(Data excerpt):
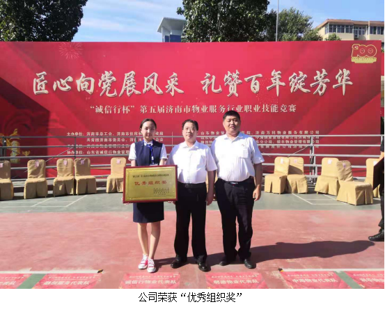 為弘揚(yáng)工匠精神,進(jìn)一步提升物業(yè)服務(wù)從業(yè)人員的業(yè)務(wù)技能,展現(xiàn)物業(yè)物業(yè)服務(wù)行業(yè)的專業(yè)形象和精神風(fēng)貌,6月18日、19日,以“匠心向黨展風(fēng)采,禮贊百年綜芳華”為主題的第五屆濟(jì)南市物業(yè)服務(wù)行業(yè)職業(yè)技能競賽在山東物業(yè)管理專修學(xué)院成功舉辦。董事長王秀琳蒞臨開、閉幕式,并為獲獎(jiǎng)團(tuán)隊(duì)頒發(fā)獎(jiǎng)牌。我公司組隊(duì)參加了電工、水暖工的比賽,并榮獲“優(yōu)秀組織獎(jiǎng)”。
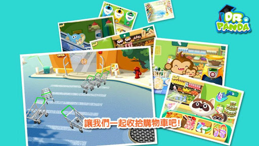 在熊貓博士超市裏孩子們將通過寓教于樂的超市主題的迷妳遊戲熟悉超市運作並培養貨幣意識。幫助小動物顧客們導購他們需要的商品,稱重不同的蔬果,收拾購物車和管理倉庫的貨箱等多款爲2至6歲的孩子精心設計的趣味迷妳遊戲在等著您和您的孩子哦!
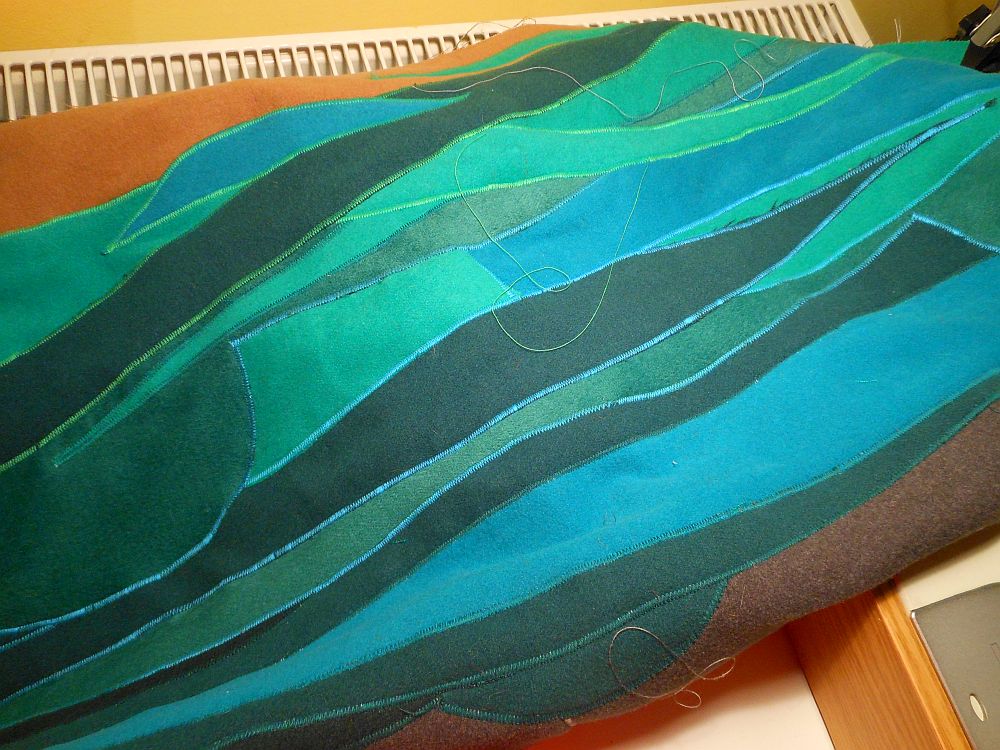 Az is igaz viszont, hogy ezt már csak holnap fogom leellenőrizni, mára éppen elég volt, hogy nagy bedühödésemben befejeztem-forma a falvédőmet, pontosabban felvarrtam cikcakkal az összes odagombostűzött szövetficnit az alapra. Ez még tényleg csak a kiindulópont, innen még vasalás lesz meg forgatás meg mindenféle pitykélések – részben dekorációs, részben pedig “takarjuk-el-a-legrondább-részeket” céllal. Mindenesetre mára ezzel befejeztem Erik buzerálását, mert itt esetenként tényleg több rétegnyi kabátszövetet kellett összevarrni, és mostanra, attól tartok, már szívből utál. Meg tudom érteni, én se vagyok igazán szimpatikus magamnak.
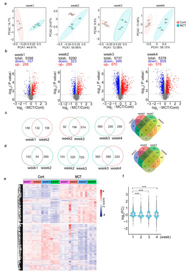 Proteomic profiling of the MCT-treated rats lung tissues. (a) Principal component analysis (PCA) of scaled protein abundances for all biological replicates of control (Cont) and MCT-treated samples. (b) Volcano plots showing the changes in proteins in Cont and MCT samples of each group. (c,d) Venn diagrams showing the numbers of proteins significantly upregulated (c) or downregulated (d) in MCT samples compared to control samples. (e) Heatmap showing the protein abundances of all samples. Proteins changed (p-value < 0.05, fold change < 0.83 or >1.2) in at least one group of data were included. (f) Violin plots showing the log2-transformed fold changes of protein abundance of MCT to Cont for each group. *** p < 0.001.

(Work to complete): Restate every line above word for word. Do not carry over the images.

(Answer to this exercise):
 為弘揚(yáng)工匠精神,進(jìn)一步提升物業(yè)服務(wù)從業(yè)人員的業(yè)務(wù)技能,展現(xiàn)物業(yè)物業(yè)服務(wù)行業(yè)的專業(yè)形象和精神風(fēng)貌,6月18日、19日,以“匠心向黨展風(fēng)采,禮贊百年綜芳華”為主題的第五屆濟(jì)南市物業(yè)服務(wù)行業(yè)職業(yè)技能競賽在山東物業(yè)管理專修學(xué)院成功舉辦。董事長王秀琳蒞臨開、閉幕式,并為獲獎(jiǎng)團(tuán)隊(duì)頒發(fā)獎(jiǎng)牌。我公司組隊(duì)參加了電工、水暖工的比賽,并榮獲“優(yōu)秀組織獎(jiǎng)”。
 在熊貓博士超市裏孩子們將通過寓教于樂的超市主題的迷妳遊戲熟悉超市運作並培養貨幣意識。幫助小動物顧客們導購他們需要的商品,稱重不同的蔬果,收拾購物車和管理倉庫的貨箱等多款爲2至6歲的孩子精心設計的趣味迷妳遊戲在等著您和您的孩子哦!
 Az is igaz viszont, hogy ezt már csak holnap fogom leellenőrizni, mára éppen elég volt, hogy nagy bedühödésemben befejeztem-forma a falvédőmet, pontosabban felvarrtam cikcakkal az összes odagombostűzött szövetficnit az alapra. Ez még tényleg csak a kiindulópont, innen még vasalás lesz meg forgatás meg mindenféle pitykélések – részben dekorációs, részben pedig “takarjuk-el-a-legrondább-részeket” céllal. Mindenesetre mára ezzel befejeztem Erik buzerálását, mert itt esetenként tényleg több rétegnyi kabátszövetet kellett összevarrni, és mostanra, attól tartok, már szívből utál. Meg tudom érteni, én se vagyok igazán szimpatikus magamnak.
 Proteomic profiling of the MCT-treated rats lung tissues. (a) Principal component analysis (PCA) of scaled protein abundances for all biological replicates of control (Cont) and MCT-treated samples. (b) Volcano plots showing the changes in proteins in Cont and MCT samples of each group. (c,d) Venn diagrams showing the numbers of proteins significantly upregulated (c) or downregulated (d) in MCT samples compared to control samples. (e) Heatmap showing the protein abundances of all samples. Proteins changed (p-value < 0.05, fold change < 0.83 or >1.2) in at least one group of data were included. (f) Violin plots showing the log2-transformed fold changes of protein abundance of MCT to Cont for each group. *** p < 0.001.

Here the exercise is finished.